“Circular economy: a programmed but complex implementation” – White paper

2024-08-29 07:15:47

The circular economy is an innovative concept, which sees the life cycle of a product unfold in the form of a loop. To summarize, the different stages inherent in the life of a product – extraction of the raw materials necessary for the manufacture of the product, design, production, consumption, end of life – must, in a circular economy, turn in a closed circle. With positive externalities in the current context: limit the need to extract new raw materials to manufacture products, in response to the scarcity of resources, and maximize the lifespan of products. Reuse, repair and reuse products as much as possible. And ultimately, recover end-of-life products that have become waste, either by recycling them or by exploiting them again in the form of raw materials.

So much for the theory. In practice, the current linear economy model involves the same production steps, without the concern of closing the loop. Historically, it is linked to the industrial revolution, which allowed man to start manufacturing products on an assembly line, which allowed the northern hemisphere, at the time, to improve its living conditions and to place technical progress at the level of societal ambition.

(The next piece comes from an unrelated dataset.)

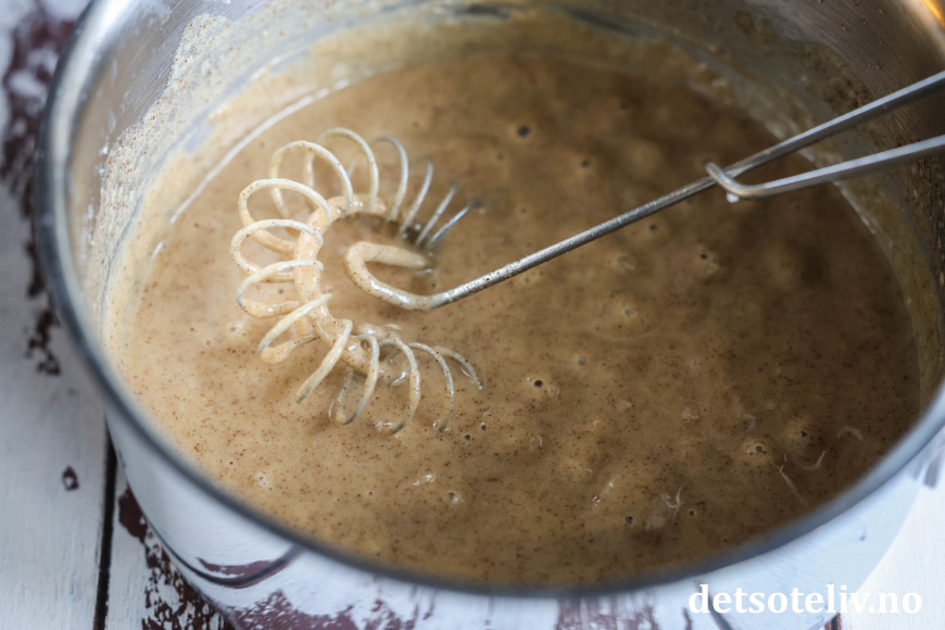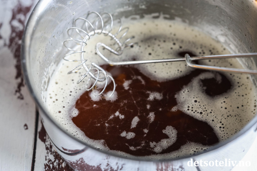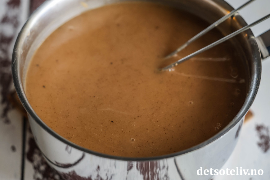 Fortsett bruningen over middels varme mens du visper hele tiden, til jevningen har fått mørkebrun farge.

Following the industrial revolution, the entire planet developed industrial means of production, and little by little the negative externalities of these production practices became apparent. On two points mainly. First climatic, with an increase in pollution, having health effects on humans and multiple effects on the climate. The main one being global warming that is accelerating. Then, the problem of the scarcity of resources is becoming more and more pressing. This is the case for fossil energy resources, but also for certain metals, such as cobalt and many rare earths. In fact, the linear economy does not exclude the development of responsible practices in terms of resource management, the ecological impact of production or the fate of waste.

It is the fact of making all the steps related to the manufacture of products coherent and interdependent that allows us to achieve this circularity. Which would allow, ideally, to no longer have to extract raw materials to manufacture new products, since the materials from waste would be used to manufacture new ones. In reality, it is not that simple. Many products, first and foremost plastics, cannot be 100% recycled.

Also, and this is a real obstacle to the advent of efficient circular economy models, these models only work if all the players in the product value chain work in a coordinated manner and with the same efficiency. Which makes the circular economy bet risky. This also explains why many circular and virtuous models on paper have a lot of trouble seeing the light of day, and do not find support from investors who are more inclined to invest their money in more consensual industrial projects, but also with more certain profitability.